Again, the author came back with a memorable scene:
We will never know if this occurred or not, but, knowing our dad, we like to think he did everything he could to save Flight 191.
Much like he did when he saved Mom's life during Jim's childbirth. Mom ate a bag of potato chips right before going into labor. She had to throw up, but the nurses were not paying attention. They clamped an oxygen mask on her while the doctor stitched her up. A little while later, Dad was with the doctor in the cafeteria when all of a sudden: Code Blue.
"That's Nudy!” the doctor said. The two rushed back to the room.
They charged in. The nurses had Mom upside down, trying to dislodge what she was choking on. Mom was turning blue. There was no working oxygen tank, either. So, Dad sprints down to the basement of the Edgewater Hospital and finds a tank. He gets it working and brings it back to the doctor to set up for Mom. They called in a lung doctor to get the food dislodged, and he damaged her lungs, which ended up being the root of Mom's asthma.
When they had her upside down, Mom said she was reciting the 23rd Psalm in her head and thought, for sure, she was going to die. If Dad hadn't found the oxygen tank and got it working, she might have died that day.
Looking back on that phone call from the Coroner's office, we were so excited about finding Dad. We were jubilant, almost like he was coming home.
What a story! And what's amazing here is we have an author writing about a crash in 1979, then jumps back 20+ years with a flashback, but because it all builds on this theme of their dad rushing to the rescue, it beautifully flows together.
Show vs. Tell #3 - Don't Always Need a Reason
Two examples above, the editor wanted stories to enhance specific character descriptions.
But sometimes an editor will encourage the author just to come up with memorable stories. Worry about where they fit later.
The result? Here's a story Kim added in during the editing process.
One memory of Dad that set an example for me, and it's something I've reflected on throughout my life, was on Christmas Eve, 1975. Christmas Eve festivities were in full swing around the punch bowl when the phone rang. I answered and it was Dad's sister, Corrinne, who lived in Wisconsin. She asked to speak with Dad. I handed Dad the phone, and a few minutes later, he returned to the party and continued to be the host with the most. It wasn't until the following morning when he told Mom and me that his dad had passed away. That's what the phone call was all about the night before.
"Why didn't you tell us last night?" I remember asking.
"There was nothing I could do at that moment," Dad replied. "Christmas was in full swing, and I didn't want to put an end to a happy occasion. There are plenty of days ahead to mourn his loss.
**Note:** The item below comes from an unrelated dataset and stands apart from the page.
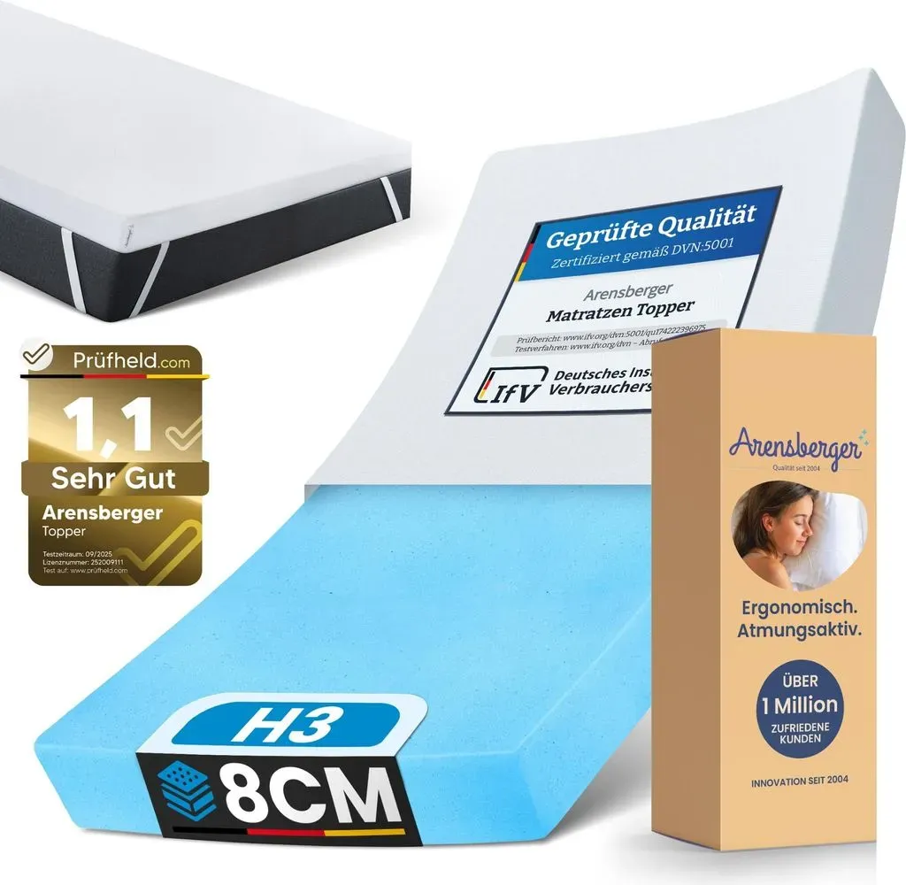 Beliebte Marken und ModelleEs gibt viele Marken und Modelle auf dem Markt, aber einige der bekanntesten sind nicht spezifisch in den Suchergebnissen genannt. Beliebte Marken könnten jedoch Ravensberger Matratzen oder spezialisierte Anbieter wie YAK Bett sein[4]. PreisbereichDer Preis für Matratzentopper variiert stark je nach Material, Größe und Marke. Im Allgemeinen können Sie mit Preisen zwischen etwa 50 und 200 Euro für einfache Modelle rechnen. Hochwertige Topper können jedoch auch über 300 Euro kosten. Um den richtigen Topper zu finden, können Sie im Meta-Preisvergleich nach spezifischen Modellen suchen, wie z.B. einem Visco-Topper oder einem Orthopädischen Topper. Jetzt live Suche nach matratzen topper starten! Empfohlene Matratzen topper Angebote*Durch Käufe über Links zu Händlern kann diese Website eine Provision erhalten, u.a. durch das eBay Partner Network und das AmazonPartnerNetHier ist eine Auswahl von 15 repräsentativen und empfehlenswerten Matratzentoppern aus der Gesamtliste, die verschiedene Preisbereiche und Typen abdecken: Dieser Kalmuck-Matratzen-Topper ist eine preisgünstige Option für grundlegenden Komfort und Matratzenschutz. ![]() 3pagen.de Kalmuck-Matratzen-Topper 150 x 200 natur biberna

He lived a long life (93 years), and he wouldn't have wanted his death to stop or disrupt a Christmas gathering."
We learn a lot about their dad in this scene, but it's hard to boil it down into one sentence or a 2-word character description.
This showed he was thoughtful? Put others first? Wanted people to have a good time?
None of those summaries do it justice. The book needed this little 3-paragraph scene -- just like it needed the Irish headstand and the dad to the rescue delivery room story.
Editors love stories. They love making books the best they can possibly be. No reason to be intimidated. Just tell 'em a story.